+++ EXERCISE INPUT
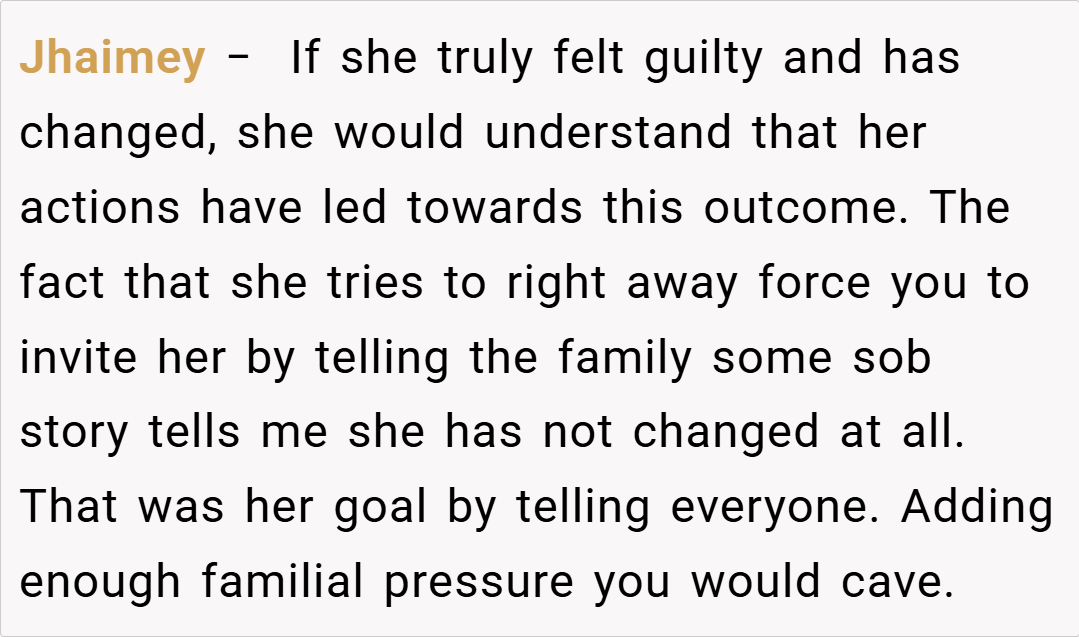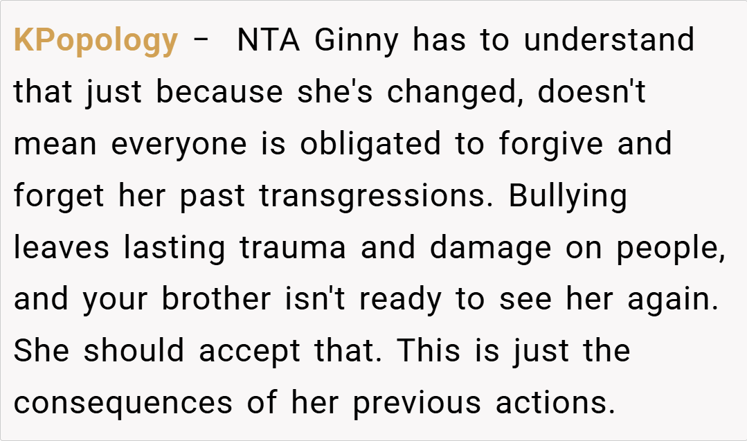According to Dr. Laura Markham, a clinical psychologist and parenting expert, “Sibling bonds, though enduring, can be deeply affected by unresolved issues. Healing requires mutual understanding and respectful boundaries.” This perspective highlights that while family members can evolve, the impact of past traumas remains significant. Excluding Ginny is not about dismissing her entirely but about establishing a safe space where emotional well-being is prioritized over forced unity.
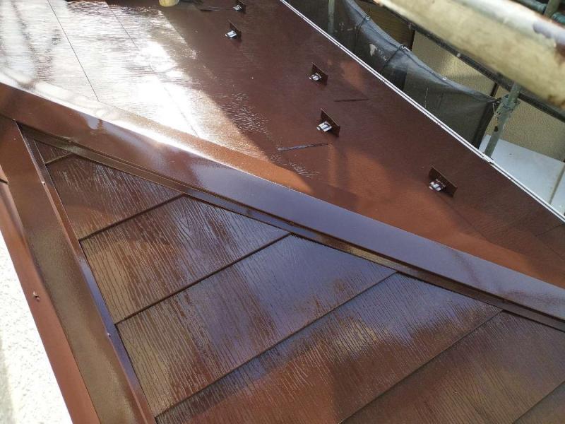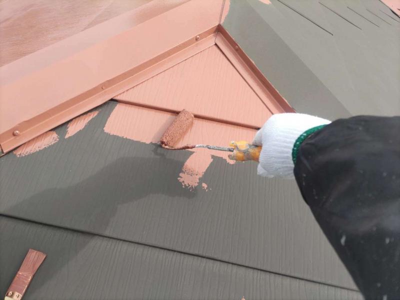 下塗り後、中塗り→上塗りの3工程で塗装していきます。今回使用した塗料はガイソールーフガードネオMUKIです。
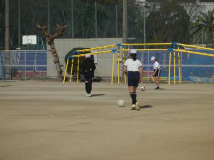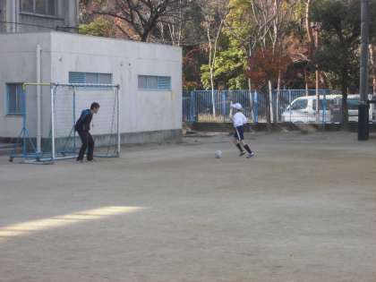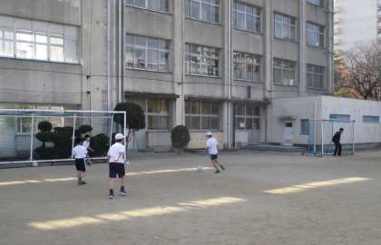 5年生は体育でサッカーに取り組みました。パスをしたり、ゲームをしたりして気持ち良い汗をかきました。
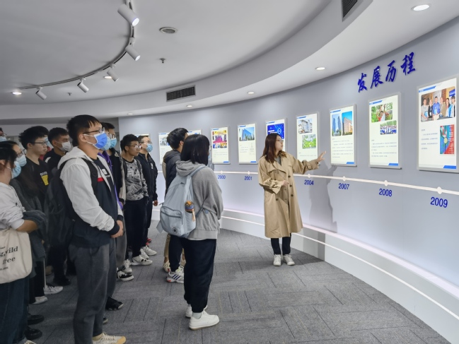 师生一行来到复旦微电子的杨浦分部,吕沁沁对​信誉最好的十大体育平台师生的来访表示欢迎并结合宣传视频介绍了复旦微电子的基本情况。该公司是国内从事超大规模集成电路的设计、开发、生产(测试)和提供系统解决方案的专业公司,是国内成立最早、首家上市的股份制集成电路设计企业,现已形成安全与识别、智能电表、非挥发存储器、智能电器、可编程器件FPGA、互联网创新六大成熟的产品线和系统解决方案,产品行销30多个国家和地区。随后吕沁沁在展览厅带着师生了解了公司创办以来的历史和取得的成就,复旦微电子自1998年成立以来,经过筚路蓝缕的创立期和追求卓越的成长期,逐步形成了信任尊重、诚实守信、激情创新、领先卓越的企业文化,正逐步成为国内乃至国外一流集成电路设计企业。
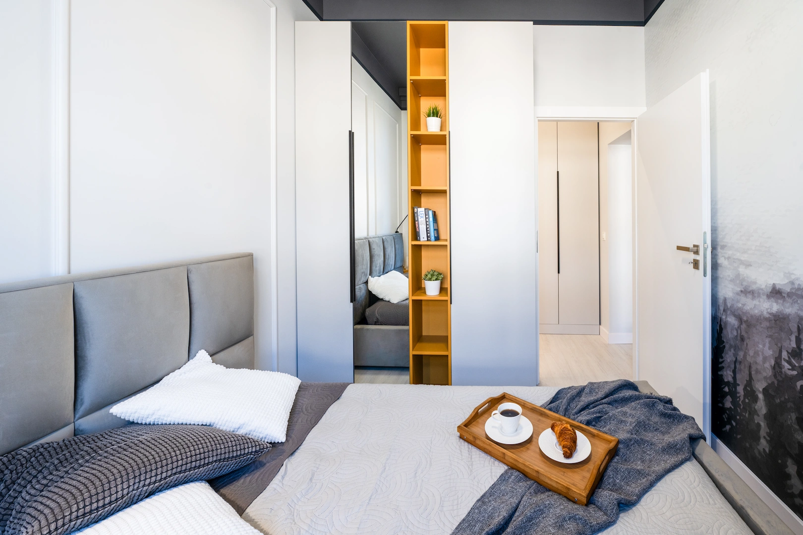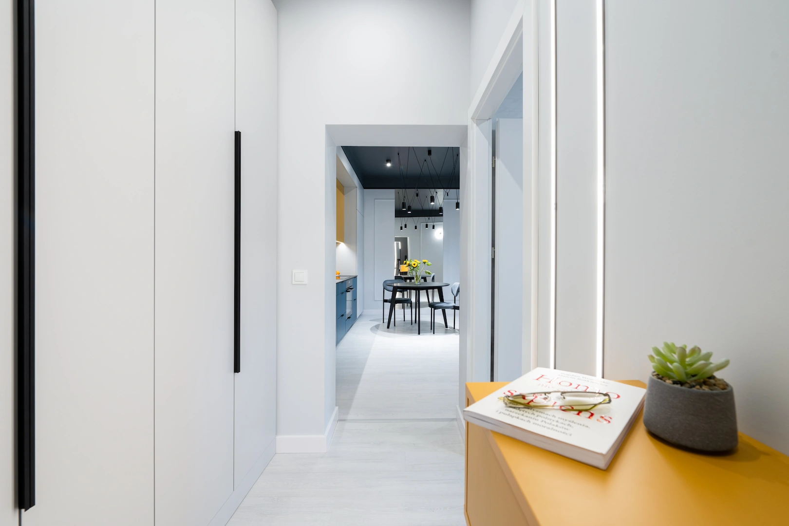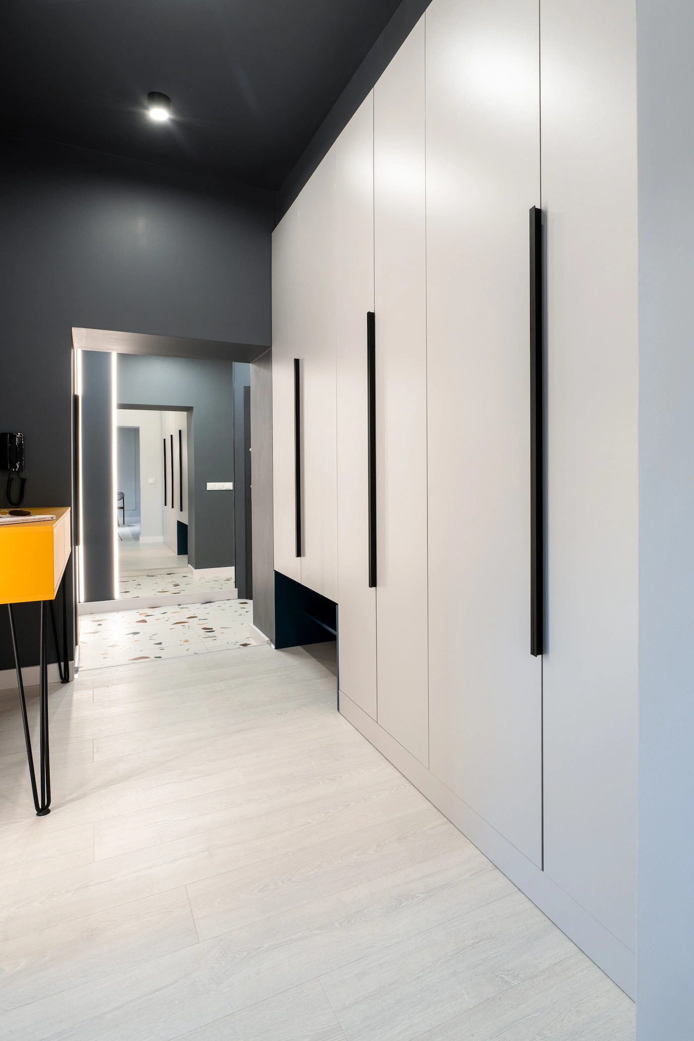 W całym mieszkaniu zostanie wykonana zabudowa stolarska na wymiar, co umożliwi optymalne wykorzystanie przestrzeni i nadanie wnętrzom spójnego, eleganckiego wyglądu.
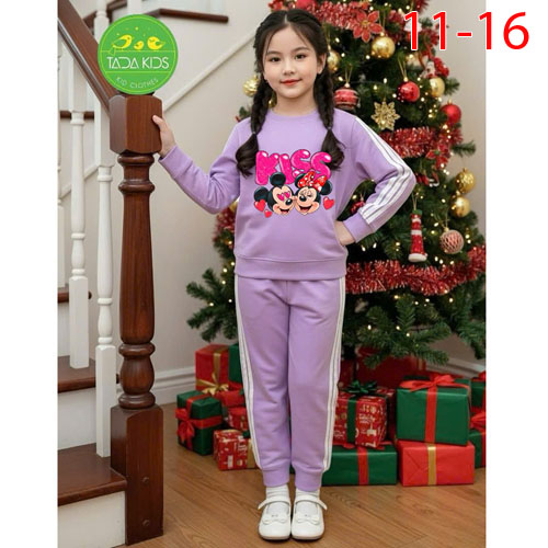 A486036 - Bộ dài chạy dây sọc thể thao cho bé gái thun cotton in Kitty_Size 11-16
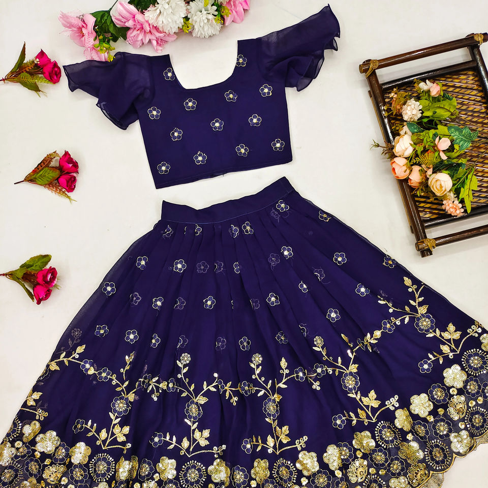 Shoryam Fashion Kids Traditional Indian Wedding Party Wear Navy Blue Sequined Embroidery Fully Stitched Floor-Length Lehenga
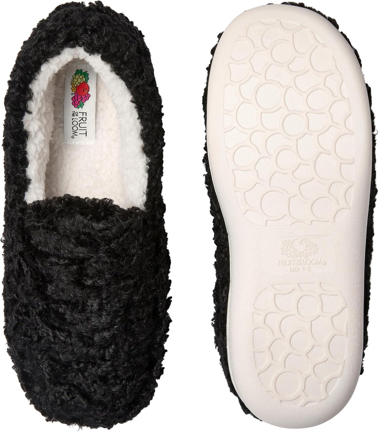 Fruit of the Loom Women’s Berber Loafer – Comfy, Memory Foam, Indoor/Outdoor(Black)
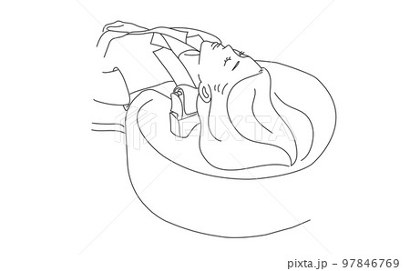 シャンプーされる女性の線画イラスト
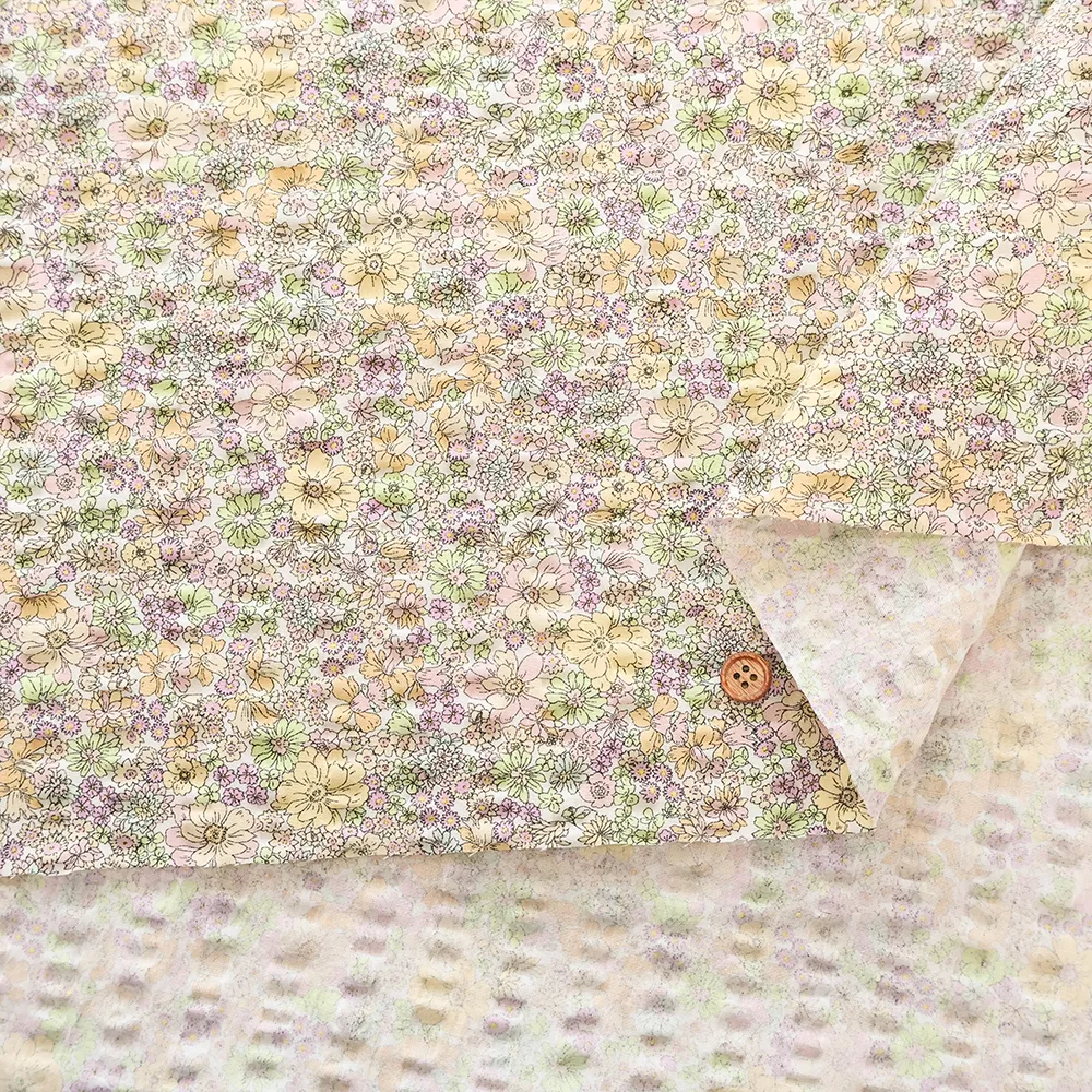 コットンリップルプリント生地 フラワー
++++++
■ ABOUT THIS EXERCISE: Those lines of the records above that run from the one containing "下塗り後、中塗り→上塗りの3" through the one containing "5年生は体育でサッカーに取り" should be returned exactly, with no pictures among them.

■ WRITTEN REPLY:
 下塗り後、中塗り→上塗りの3工程で塗装していきます。今回使用した塗料はガイソールーフガードネオMUKIです。
 5年生は体育でサッカーに取り組みました。パスをしたり、ゲームをしたりして気持ち良い汗をかきました。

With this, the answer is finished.